The two heroes of the book, Matthew Paris and Erasmus Kemp, are both tragically flawed, cousins destined from youth to be at odds with one another. In order to place himself in an exile he feels he deserves, Matthew agrees with Erasmus's father to sign on as surgeon aboard a newly built Kemp slave ship, the Liverpool Merchant. While Matthew endures the horrors of this ill-fated, ultimately mutinous voyage, his cousin in England enjoys the idyllic life of a young English gentleman, falling in love while rehearsing in an amateur production of Shakespeare's ''The Tempest''. Metaphorically, the tempest is fast approaching, and the ruin of the Kemp business sets Erasmus forth on a mission of revenge against the cousin he holds responsible.
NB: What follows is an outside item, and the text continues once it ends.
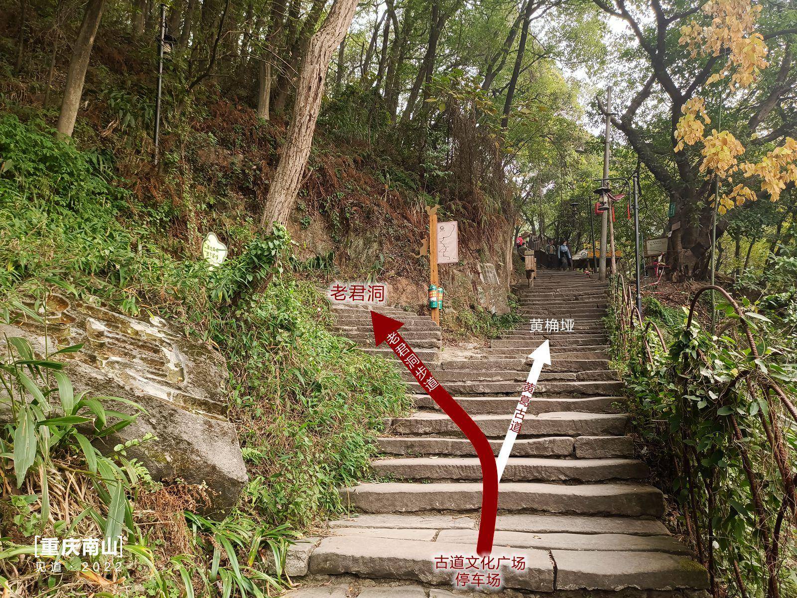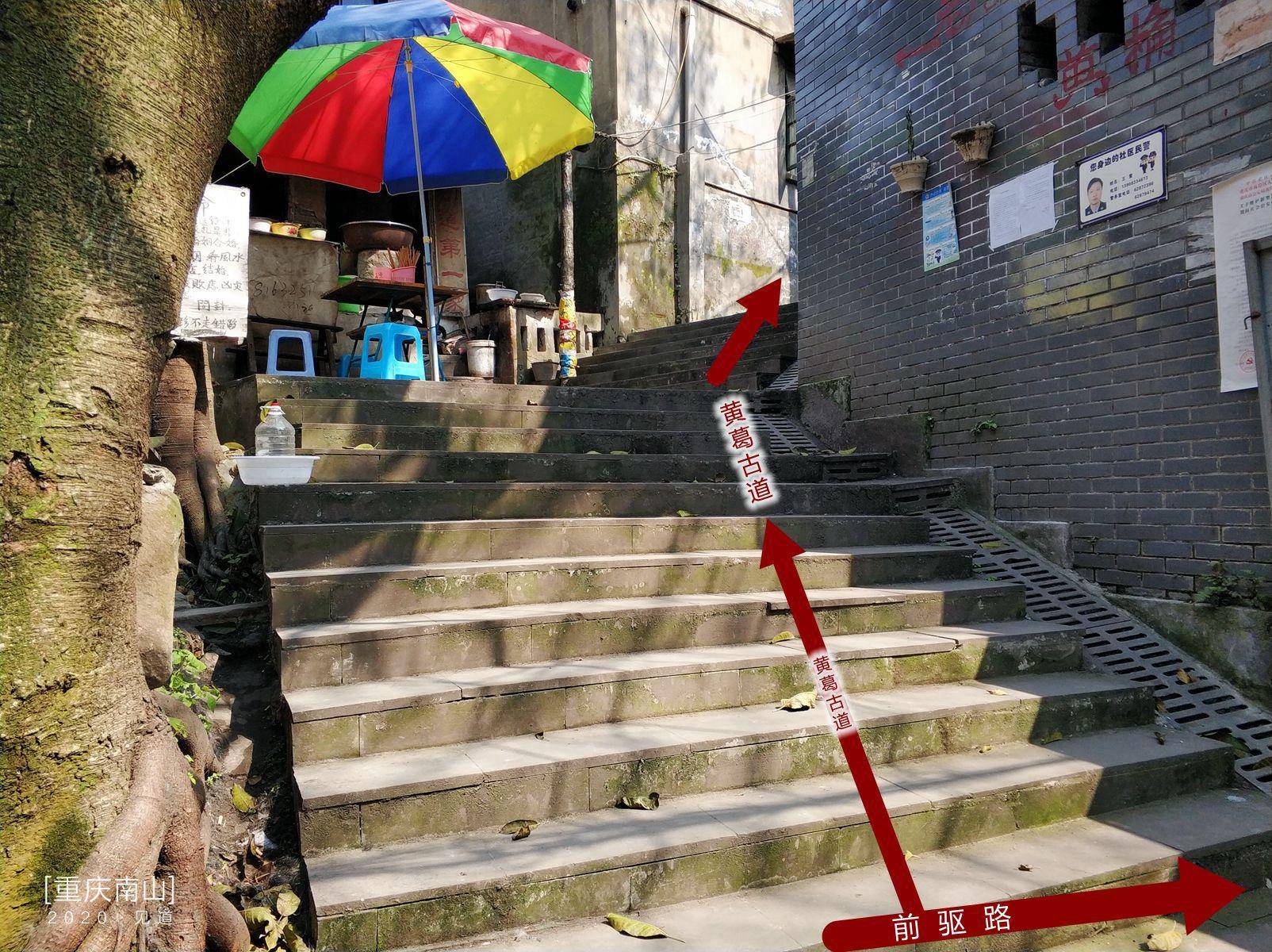 路口有黄葛古道标识牌,沿步道台阶往上走即可。

This is a novel of scarred idealism and gray morality, immense -- it's 630 pages long -- and teeming with the scents and sounds of the 18th-century and life aboard a sailing ship. Unsworth's imagined world is palpable, at once comprehensive and unique, the depicted cruelty and hardship soul-shattering. His prose is elegant and precise, capturing perfectly, and with a fresh eye, the details that establish mood and character and fix it permanently in the mind. From the first page the reader is gripped by the evocative talent of the writer:


''She carried death for the cotton broker who owned her, or so at least his son believed. For Erasmus Kemp it was always to seem that the ship had killed his father, and the thought poisoned his memories. Grief works its own perversions and betrayals; the shape of what we have lost is as subject to corruption as the mortal body, and Erasmus could never afterwards escape the idea that his father had been scenting his own death that drab afternoon in the timber yard on the banks of the Mersey when, amid colours of mud and saffron, he had lowered himself rather awkwardly down to sniff at the newly cut sections of mast for his ship. Not odours of embalmment, nothing sacramental; the reek of his own death.''


And later, Unsworth describes Hell, not an imagined state of mind, not the Biblical purgatory, but a floating vessel in a calm, blue ocean:


''The sufferings of the negroes, already weakened by their privations and many of them with dysentery, were of the most appalling kind. Their rooms soon became insufferably hot. The confined air grew stifling through lack of oxygen and noxious with the breathing and sweating and excreting of so many bodies so close together. There was little more than two feet of headroom and the boards they lay on were of unplaned plank so that as they rolled helplessly in the hot, suffocating darkness, the rough surface of the wood took the skin from their backs and sides. In lapses of the wind Paris heard calls for help come from them, wild, demented cries. Sometimes he saw steam rise through the gratings.''


This is the writing of a man able to imagine the world he creates in such vivid detail he can place himself in it for purposes of then describing it in words to us -- the feel of the unplaned plank and its wear on the skin, the haunting imagery: ''...he saw steam rise through the gratings.''


Unsworth has written an intensely literary book that challenges our ideas of freedom, the nature of humankind and of suffering, and the evil that might reside in any of us. ''Nothing a man suffers will prevent him from inflicting suffering on others. Indeed, it will teach him the way.'' The novel's stately pace, like the scope of its meditations, accurately evokes an age. Tackling a central perversity of our history -- the keeping of slaves in a land where freedom was held sacrosanct -- Unsworth illuminates not only the barbarism of slavery, but the habits of politics and character that it creates. ''Sacred Hunger'' is an intricate, immense masterwork, disturbing and compelling -- and a damned exciting story, a classic that will take its place, in time, as one of the great novels of our age.